▶ Exercise requirements: Leave every picture out and print exactly the lines that run from the one containing "This is a set" to the end of the listing.

▶ Collected data:
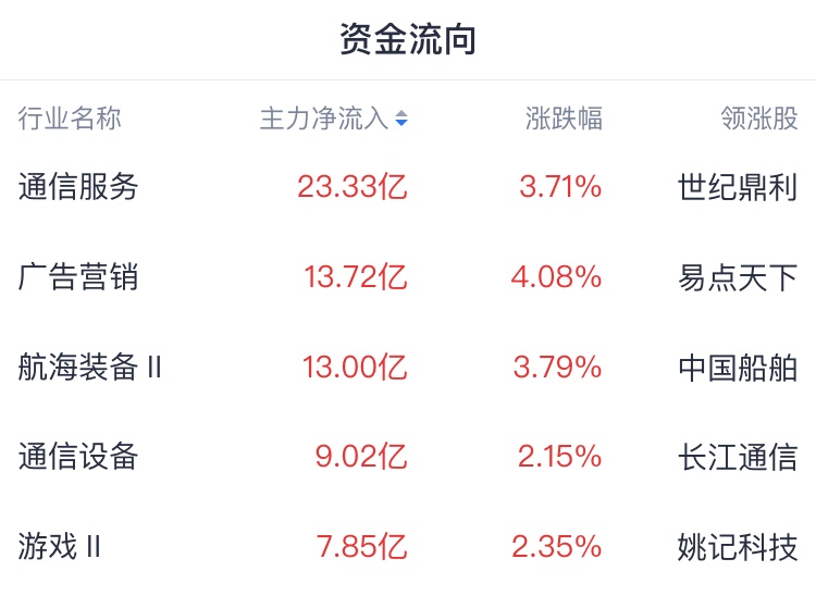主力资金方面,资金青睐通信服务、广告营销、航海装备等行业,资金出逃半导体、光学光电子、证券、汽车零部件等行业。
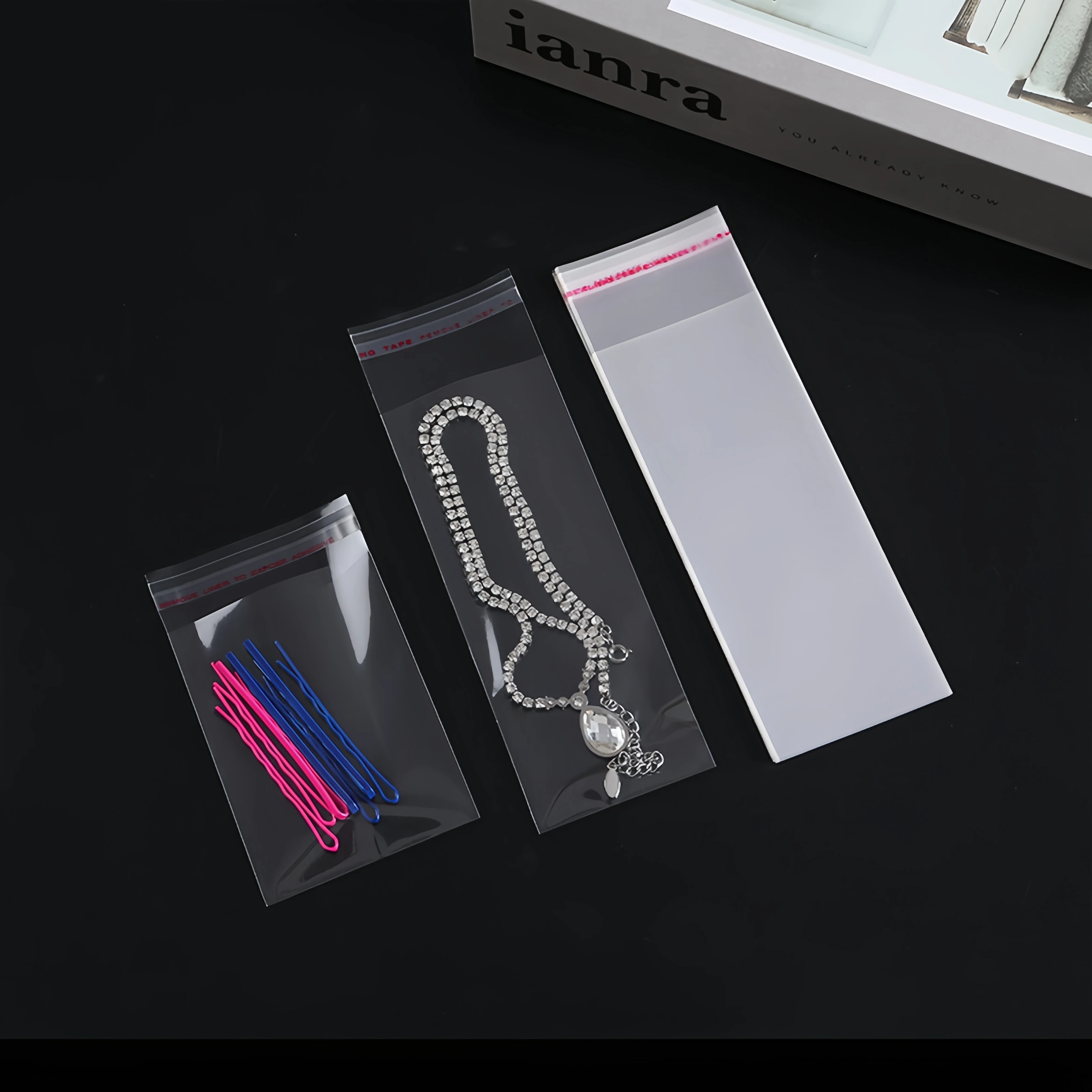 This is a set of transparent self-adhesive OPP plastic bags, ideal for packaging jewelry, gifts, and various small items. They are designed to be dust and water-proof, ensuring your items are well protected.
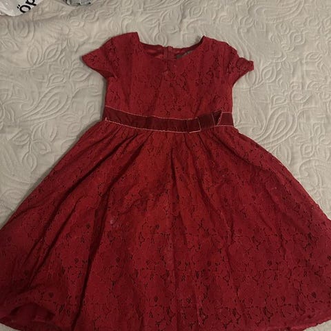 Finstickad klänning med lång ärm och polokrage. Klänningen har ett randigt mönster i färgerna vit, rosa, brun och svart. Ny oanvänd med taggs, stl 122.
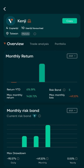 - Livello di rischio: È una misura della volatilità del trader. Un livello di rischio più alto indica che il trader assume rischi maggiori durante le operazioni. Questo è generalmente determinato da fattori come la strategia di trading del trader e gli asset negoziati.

▶ Solution to this problem:
 This is a set of transparent self-adhesive OPP plastic bags, ideal for packaging jewelry, gifts, and various small items. They are designed to be dust and water-proof, ensuring your items are well protected.
 Finstickad klänning med lång ärm och polokrage. Klänningen har ett randigt mönster i färgerna vit, rosa, brun och svart. Ny oanvänd med taggs, stl 122.
 - Livello di rischio: È una misura della volatilità del trader. Un livello di rischio più alto indica che il trader assume rischi maggiori durante le operazioni. Questo è generalmente determinato da fattori come la strategia di trading del trader e gli asset negoziati.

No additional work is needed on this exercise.